# paylakes close to columbus?



## 01mercLS (Oct 28, 2006)

Are there any local paylakes close to columbus? I been to clearwaters, and Fat Cats any others?


----------



## Fishman (Apr 5, 2004)

lol read the thread title wrong and thought this thread was gonna get saucy.


----------



## flathunter (Apr 5, 2004)

H20 Mellon travels all over the state fishing paylakes...I know he could help you out..He talks alot about the one in Belpre however.


----------



## trophycats (May 28, 2006)

Fishman said:


> lol read the thread title wrong and thought this thread was gonna get saucy.

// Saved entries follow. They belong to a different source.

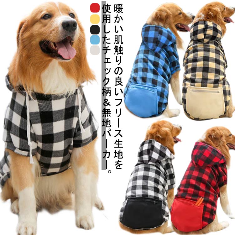 【3点15%offクーポン配布中! スウェット 小型犬 中型犬 秋冬 起毛 フリース ポケット付き チェック柄 無地 パーカー ドッグウェア 大型犬向け 犬服
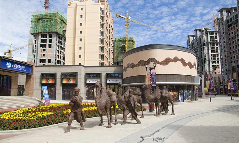 重點(diǎn)打造的絲路金街,由整個(gè)項(xiàng)目的主軸線-----商業(yè)步行街及500米帶狀公園組成。整體設(shè)計(jì)中突出強(qiáng)烈的絲路元素,以“流動(dòng)的彩綢”為設(shè)計(jì)靈感,將13000公里長的古絲綢之路全程按1:15000的比例進(jìn)行了完美濃縮,以沿途最重要城市為節(jié)點(diǎn)打造的五大主題雕塑群將整條金街完美相連。
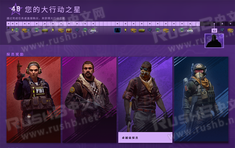 如果你没买大行动之星且之前最低限度任务都完成了的话,本周可以获第二个人物角色皮肤,即卓越级探员(6中1).
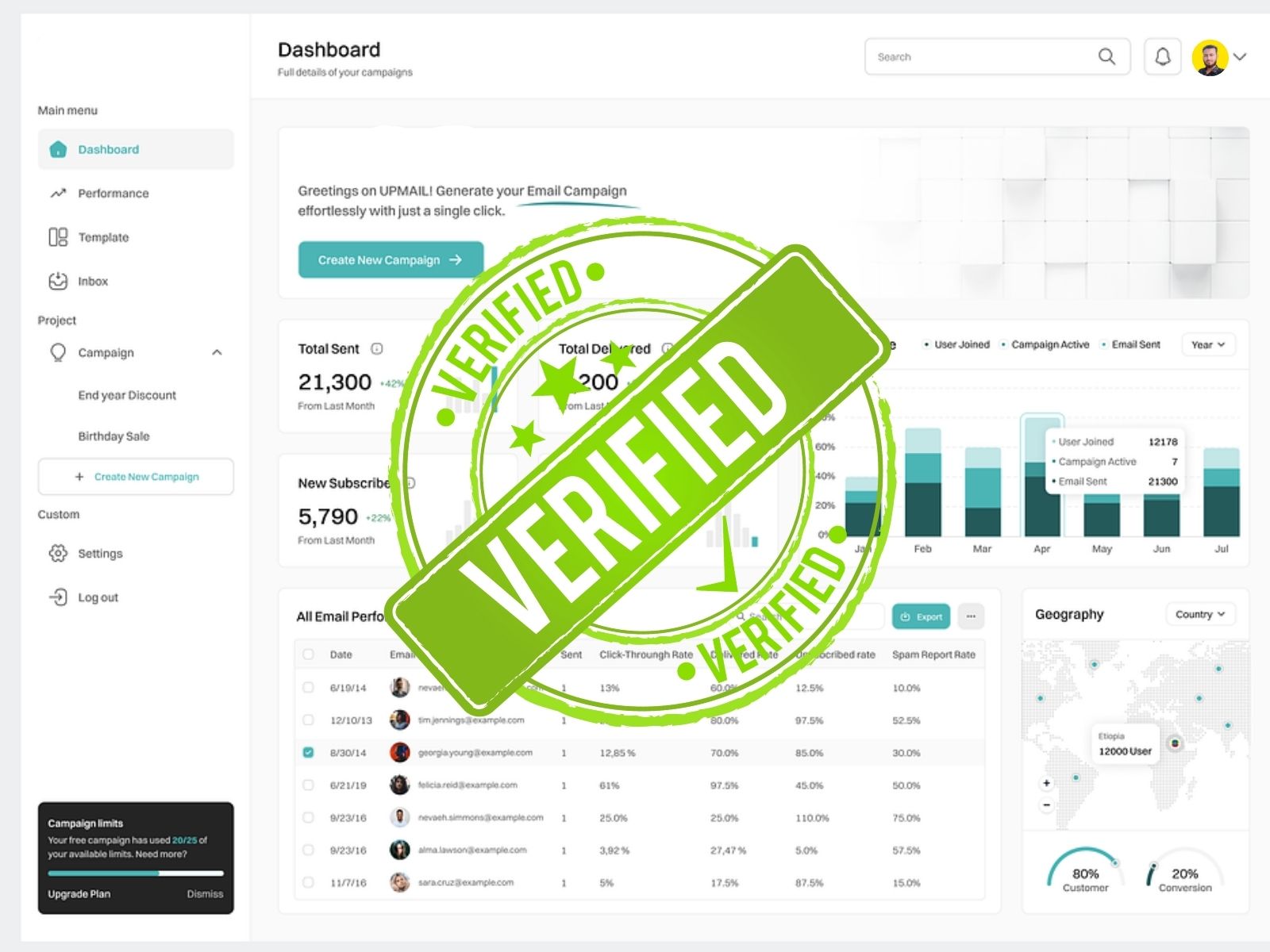 I Will Set Up an Unlimited Email Sending SMTP server for Your Own Mail Server Without Any Limitations like Mailchimp, GetResponse, etc.My Services:Free SSLFree Email Marketing ScriptsBest Email...
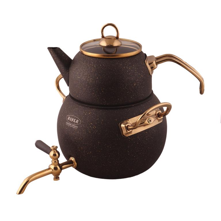 کتری قوری ترک سبز دسته طلایی 5880 ریور
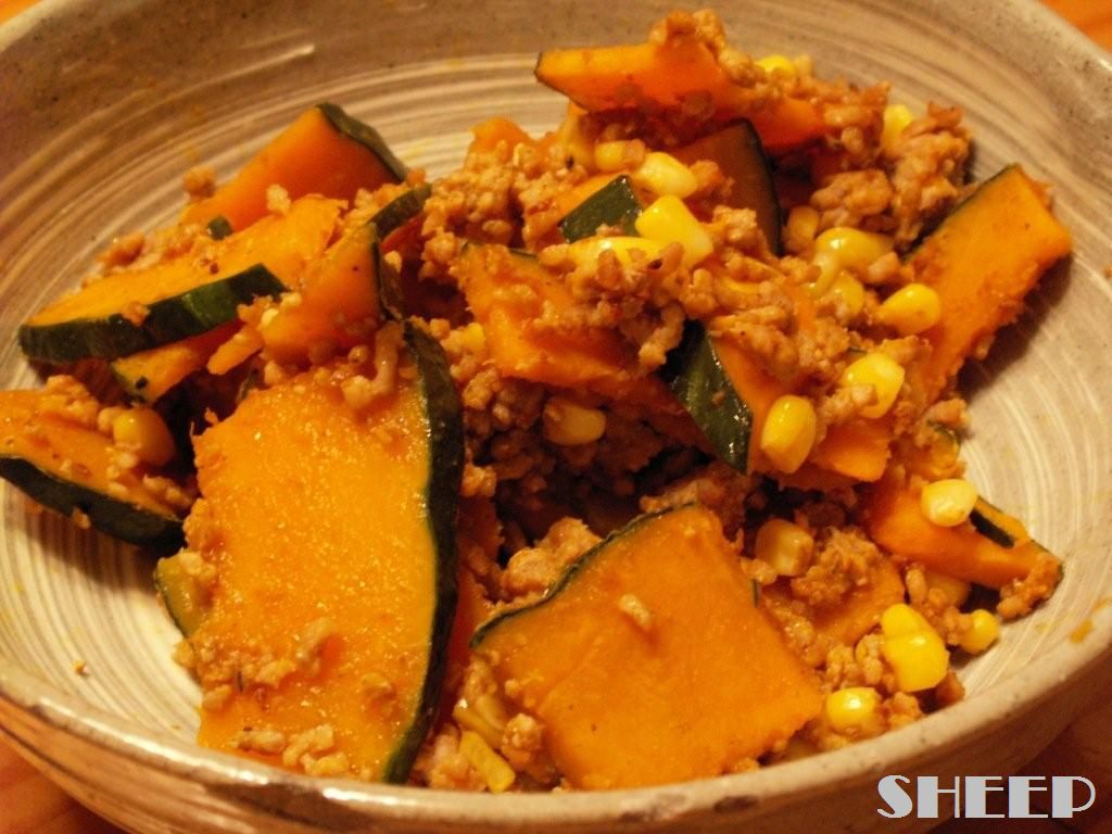 かぼちゃ、コーンを加え、かぼちゃに火が通ったらカレー粉と塩コショウ、荒挽きコショウをふって全体になじませ完成です。先にかぼちゃをチンしたほうが、調理しやすいかも。

lol i thought the same thing. Before you click on catfish discussion it says "close paylakes?" thats weird.


----------



## H2O Mellon (Apr 5, 2004)

flathunter said:


> H20 Mellon travels all over the state fishing paylakes...I know he could help you out..He talks alot about the one in Belpre however.


YOU LIAR!  I'll remember this!


----------



## misfit (Apr 5, 2004)

ok guys,the title has been changed,so please help if you can.if you can't,please don't continue to hijack the thread for fun.


01mercLS,check your pm's.


----------



## fishintiger (Apr 26, 2004)

The one that I know of in the Columbus area closed a long time ago. I think there's one off of 33 South(or East) of Lancaster. If you take the business route out of Lancaster towards Logan there were signs for a pay lake on the right side of the highway. I'm not sure of the name. Maybe someone else can help out with that.


----------



## H2O Mellon (Apr 5, 2004)

I dont know about specific shops in Columbus, but most places have a free mag called Ohio game and fish or something along those lines. I've noticied it has had a paylake directory in it before. That might be a good palce to start.


----------